2023-12-08T12:47:47.452Z

Highlights: When 500 Drunk Elephants Nearly Caused a Holocaust: A Hanukkah Miracle You Didn't Know. A book written 100 years after the miracle of HanukKah tells a breathtaking story. Why is this amazing story of miracles almost unknown today?. The story of the "Battle of Rafah", in which the armies of Egypt and the Seleucid kingdom fought, each relying on a different breed of elephants to break through the enemy's defenses. Now, just before you light the second candle of Chanukah, we will tell you about the connection between the king who won that battle – Ptolemy IV.


A book written 100 years after the miracle of Hanukkah tells a breathtaking story, combining elements from Passover, Purim and Hanukkah stories, with some pretty amazing additions. Why is this amazing story of miracles almost unknown today?


This morning we told you the story of the "Battle of Rafah", in which the armies of Egypt and the Seleucid kingdom fought, each relying on a different breed of elephants to break through the enemy's defenses. Now, just before you light the second candle of Chanukah, we will tell you about the connection between the king who won that battle – Ptolemy IV – and the story of the Hanukkah miracle, with a little help from ChatGPT.

"Maccabees 3" is a book written about a century after the books of the Maccabees that we know from Chanukah – but not by a member of the Maccabees family, but by a Jew, probably from Hellen, who lived in Alexandria. Its name derives from the stylistic connection between it and the books that tell about the Hasmoneans, but it was not accepted in the Jewish canon and was almost forgotten.

In contrast to the books of Maccabees I and II, which focus on the revolt of Israeli Jews against Hellenistic culture, focusing on the heroism of the fighters from the Hasmonean family, Maccabees 3 develops against the background of Hellenistic Egypt, and focuses on the heavy danger (literal) that hovered over the Jews of the state and the miracles that prevented its realization.

In the book, King Ptolemy, returning victorious from the Battle of Rafah, embarked on a sort of "tour" to offer a rabbinical sacrifice of gratitude for the dramatic victory in the temples of all the gods (when he himself was one of them – after all, he was a pharaoh). When he arrives at the Temple of the God of the Jews in Jerusalem, he asks to enter the Holy of Holies, is refused, and when he tries to enter by force, the High Priest prays, and God paralyzes Ptolemy's body to prevent him from entering a room that only one person is allowed to enter once a year (on Yom Kippur).
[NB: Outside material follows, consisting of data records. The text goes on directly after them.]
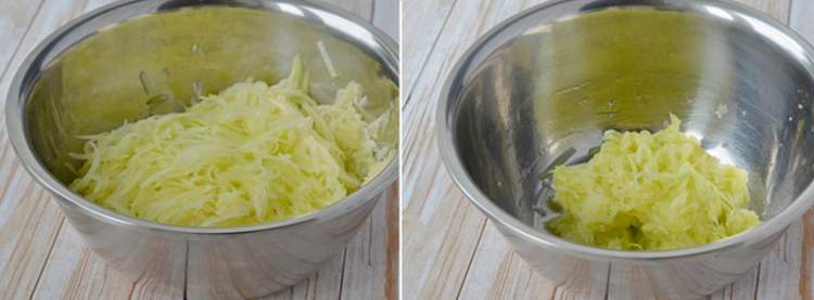- Коли кабачки пустять сік, їх потрібно віджати. В результаті повинно вийти близько 350 грам кабачкової маси.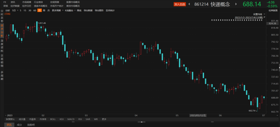 自今年开年以来,Choice中的快递板块在半年中一路漫漫阴跌,未出现较为有力的反弹,截至7月4日收盘,行业指数已在半年的时间内跌去14%。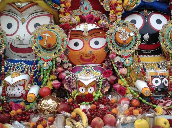 Большие Божества Господа Джаганнатха, Баладева и Субхадры приехали с Виллы Вриндаваны, а маленькие из Генуи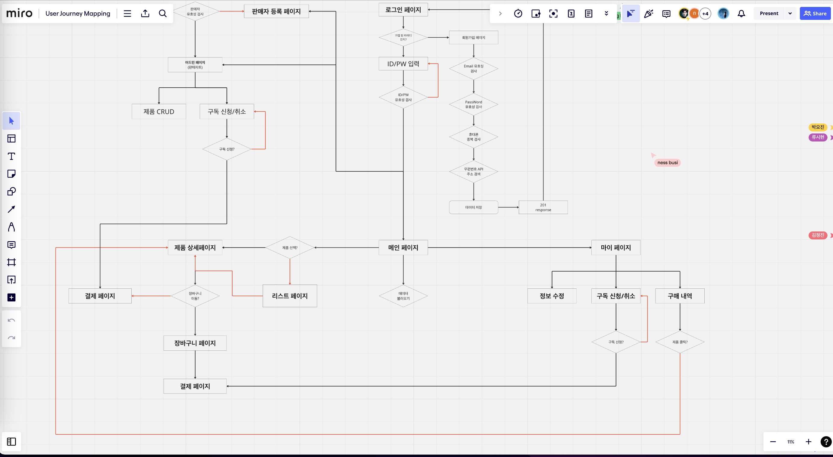 프+ 백 모여서 user flow를 그림
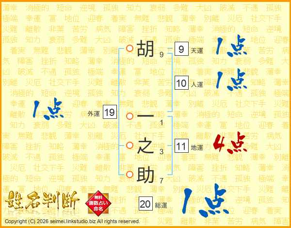 胡一之助さんの総運は20画の1点!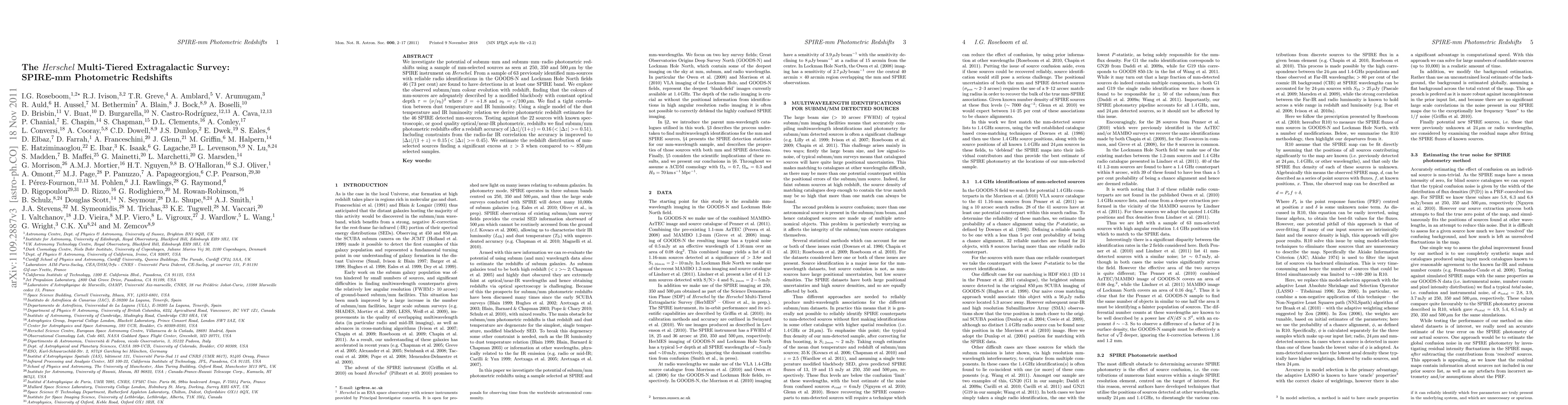 The Herschel Multi-Tiered Extragalactic Survey explores submm-mm and submm-radio photometric redshifts for mm-selected sources detected by SPIRE on Herschel. The study finds a tight correlation between dust temperature and IR luminosity, achieving photometric redshift accuracy of |z|/(1+z) = 0.16, which improves to 0.15 with radio-far IR constraints, and reveals a significant excess of sources at z > 3.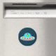 This awesome Christmas magnet features a digital art image of an alien spacecraft decorated with bright coloured Christmas lights. Inside the UFO looking out through the window there is a green alien with black eyes wearing a festive Santa hat. Holiday greetings from outer space for all Earthlings.

A humiliated Ptolemy returns to Egypt and hatches a sinister plan to exterminate the Jewish population: first he decrees them to force them to Hellenize – but when that doesn't work, he orders them all to be rounded up, tied up with a hippodrome, and then released a battalion of 500 drunken elephants to crush them to death.

When the threat becomes palpable, Jews pray for divine intervention. Then the miracles begin to happen: first the king falls asleep on the day he planned to trample on the Jews, then he forgets the plan and scolds the elephant guard for preparing for the operation, and finally two angels appear to the elephants just before entering the hippodrome, causing them to rush back and trample on their masters. The shock of the unnecessary death causes Ptolemy to retract his plan, and he liberates the Jews and even holds a kind of holiday for them that resembles Purim (the original, not ours).

As mentioned, "Maccabees III" was not included in the Bible – probably due to a combination of factors (it was written in Greek, in Alexandria, where shortly afterwards the community was almost completely extinct, and after the Sages had already finished compiling the Bible as we know it). Christianity, which sanctified the books of Maccabees I and II, also largely ignored it, and only a few Christian sects included it in their scriptures.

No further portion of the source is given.